Commission européenne, représentée par M. T. Scharf et Mme L. Wildpanner, en qualité d’agents,

partie défenderesse,

soutenue par

République fédérale d’Allemagne, représentée par MM. N. Scheffel et P.-L. Krüger, en qualité d’agents,

partie intervenante,

LE TRIBUNAL (quatrième chambre),

composé de M. R. da Silva Passos, président, Mmes N. Półtorak (rapporteure) et I. Reine, juges,

greffier : M. V. Di Bucci,

rend la présente

Ordonnance

1        Par son recours fondé sur l’article 263 TFUE, la requérante, LichtBlick SE, demande l’annulation partielle de la décision C(2022) 9995 final de la Commission, du 21 décembre 2022, concernant l’aide d’État SA.104606 (2022/N) – Allemagne – TCF : maîtrise temporaire des coûts liés à l’augmentation des prix du gaz naturel, de la chaleur et de l’électricité (ci‑après la « décision attaquée »), en ce que la Commission européenne aurait déclaré compatible avec le marché intérieur un régime d’aide en faveur des exploitants de points de recharge dans le cadre de leurs activités de revente d’électricité à leurs clients sans qu’ils soient tenus de répercuter cette aide sur ceux-ci (ci-après l’« aide en cause »).

 Antécédents du litige

2        La requérante est un fournisseur d’électricité verte opérant à l’échelle nationale en Allemagne, qui fournit notamment du courant de charge pour véhicules électriques. La requérante n’exploite aucun point de recharge, mais utilise ceux exploités par d’autres opérateurs, à savoir des exploitants des points de recharge, soit en concluant des contrats directement avec ceux-ci, soit en ayant recours à des fournisseurs de services d’itinérance et à des réseaux de charge, qui doivent de leur côté conclure des contrats avec lesdits exploitants de points de recharge. La requérante est en concurrence avec les exploitants des points de recharge qui fournissent également du courant de charge via lesdits points.

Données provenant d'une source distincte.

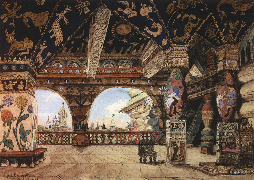 Виктор Васнецов для театральной сцены работал мало, однако его эскизы к «Снегурочке» Александра Островского стали новаторскими в отечественной сценографии. Сначала Васнецов оформил домашний спектакль в усадьбе Саввы Мамонтова Абрамцево. К слову, Васнецов не только исполнил декорации, но и сыграл роль Деда Мороза; Илья Репин был боярином Бермятой, а сам Савва Мамонтов — царем Берендеем. Через три года Виктор Васнецов повторил оформление «Снегурочки», но уже для Московской частной оперы Саввы Мамонтова. Художник вдохновлялся древнерусским зодчеством и народными ремеслами. Вот как писал об этой постановке критик Владимир Стасов: «Васнецов сочинил все костюмы и декорации — в том числе «Палату Берендееву». Это — истинные chef-d’oeuvre (шедевры) театрально-национального творчества. <…> Никогда еще ничья фантазия, сколько я способен судить, не заходила так далеко и так глубоко в воссоздании архитектурных форм и орнаментистики Древней Руси, сказочной, легендарной, былинной. Все, что осталось у нас в отрывках бытовых от древней русской жизни, в вышивках, лубочных рисунках, пряниках, деревянной древней резьбе, — все это соединилось здесь в чудную, несравненную картину. Для любования и изучения не только художников, но и всех развертываются здесь широкие, далекие горизонты».

3        Le 12 décembre 2022, la République fédérale d’Allemagne a, conformément à l’article 108, paragraphe 3, TFUE, notifié à la Commission un régime d’aides relevant d’un projet de loi relatif à un mécanisme de maîtrise des prix de l’électricité. En réponse aux demandes de la Commission des 12, 13, 16, 19 et 20 décembre 2022, le gouvernement allemand a fourni des informations complémentaires les 13, 14, 16, 19 et 20 décembre 2022.

4        Le 20 décembre 2022, la République fédérale d’Allemagne a adopté le Gesetz zur Einführung einer Strompreisbremse und zur Änderung weiterer energierechtlicher Bestimmungen (loi introduisant un mécanisme de maîtrise des prix de l’électricité et portant modification d’autres dispositions de la législation en matière d’énergie) (BGBl. 2022 I, p. 2512, ci-après la « loi nationale »). Conformément à son article 50, ladite loi ne produit ses effets qu’à partir de l’adoption d’une décision de la Commission autorisant le régime d’aides notifié. Cette loi est entrée en vigueur le 24 décembre 2022.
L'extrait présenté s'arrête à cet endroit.